Ch2: He's not dead, he's resting!
My name is Constanza "Connie" Murphy, and I'm a Detective Lieutenant of the Chicago Police Department. I'm also the CPD's unofficial designated detective for the bullshit cases, so I have to deal with a lot of oddities.
Which is why I got this case.
Well, that and the fact that me and my partner were around ten minutes out from the scene after it was called in.
According to the witness, a man had run after "some creepy thing" into an alley, only to get blindsided and gunned down by "a girl" who then "vanished into thin air, honest."
Chances are, the witness was drunk, high, or too traumatized by witnessing a murder, so they thought a dog looked like something else and couldn't remember the murderer taking her leave.
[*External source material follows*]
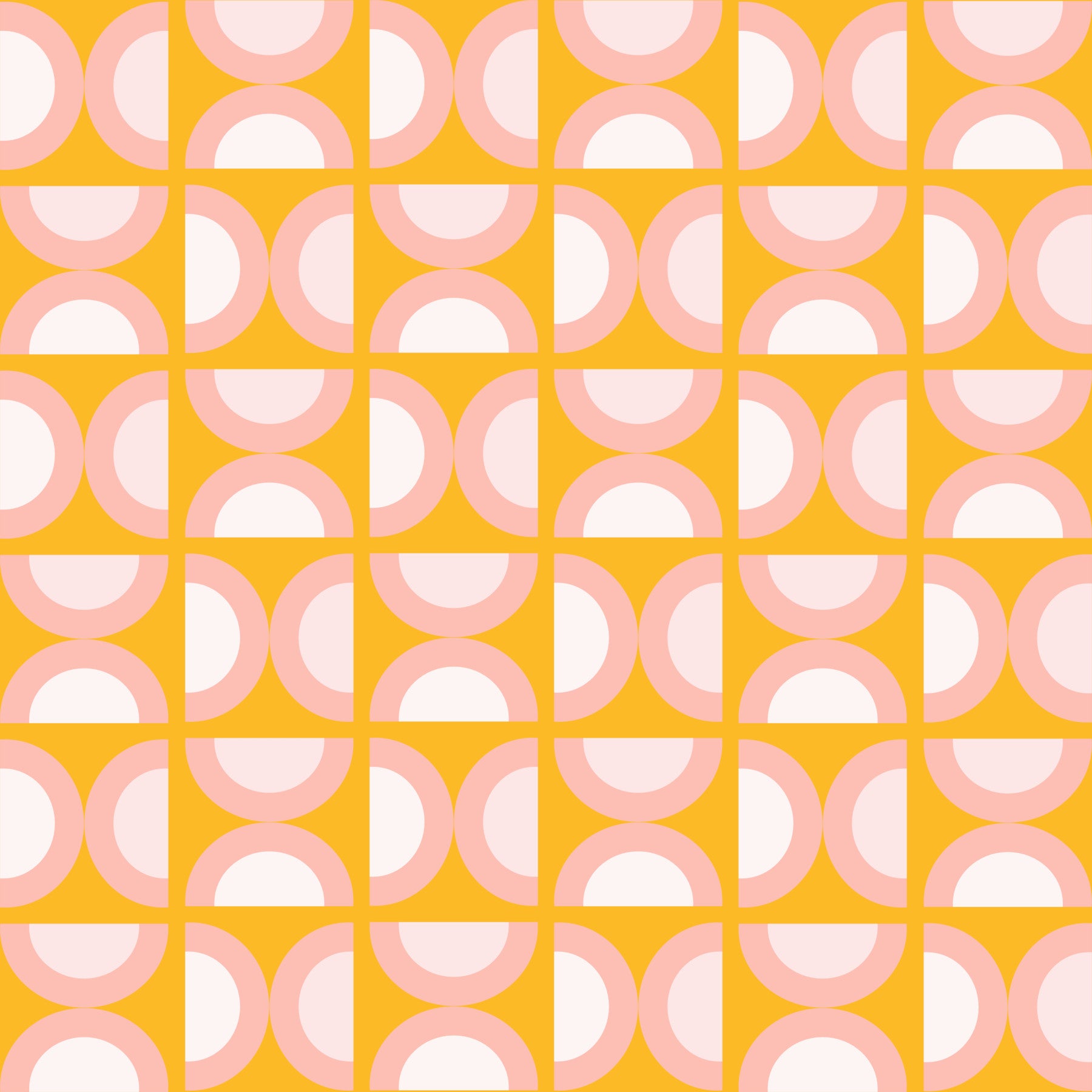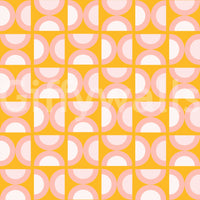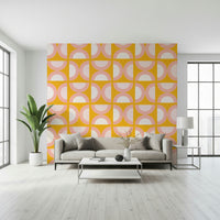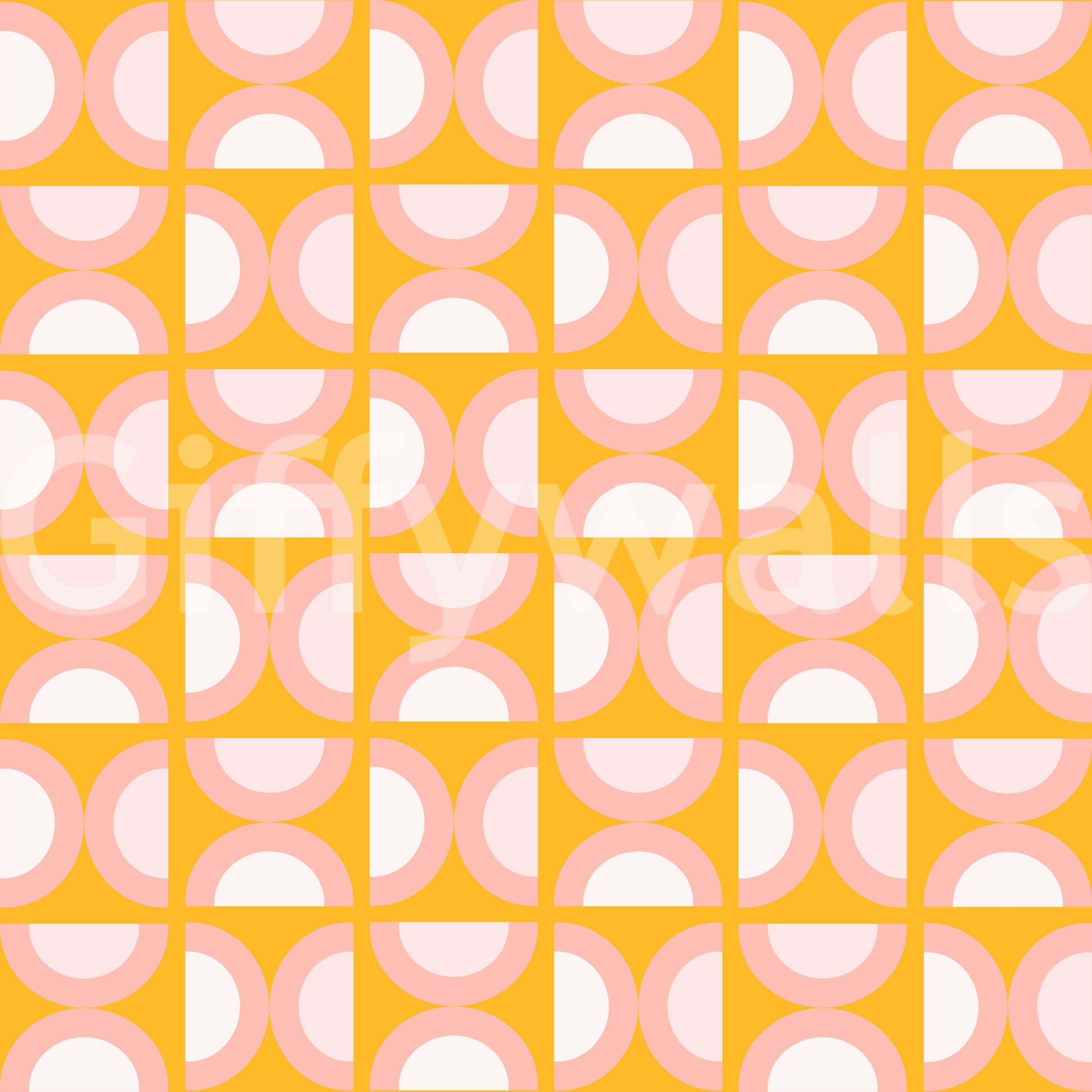 Bring a playful vibe with this retro-inspired wallpaper. Semicircles in blush pink and cream dance across a golden-yellow background, creating a lively geometric pattern. This design adds a touch of charm to nurseries, playrooms, or even kitchens. The wallpaper for walls offers a delightful backdrop, instantly brightening any space. This cheerful repeat pattern makes a fantastic statement wall, blending seamlessly with both modern and vintage decor. It enlivens your living room or enhances the joy in a child’s bedroom.

Still, it was a high enough chance of oddness to be the kind of case that always got handed to me and my partner, Detective Sid Kirmani.
Sid was my balance. Where I was serious and intent, he played mellow wise ass. When I got frustrated with the weird refusing to be reasonable, Sid made wisecracks. The fact that our consultant occasionally took great inspiration from those wisecracks was just another thing to hate the weirdness of my cases for.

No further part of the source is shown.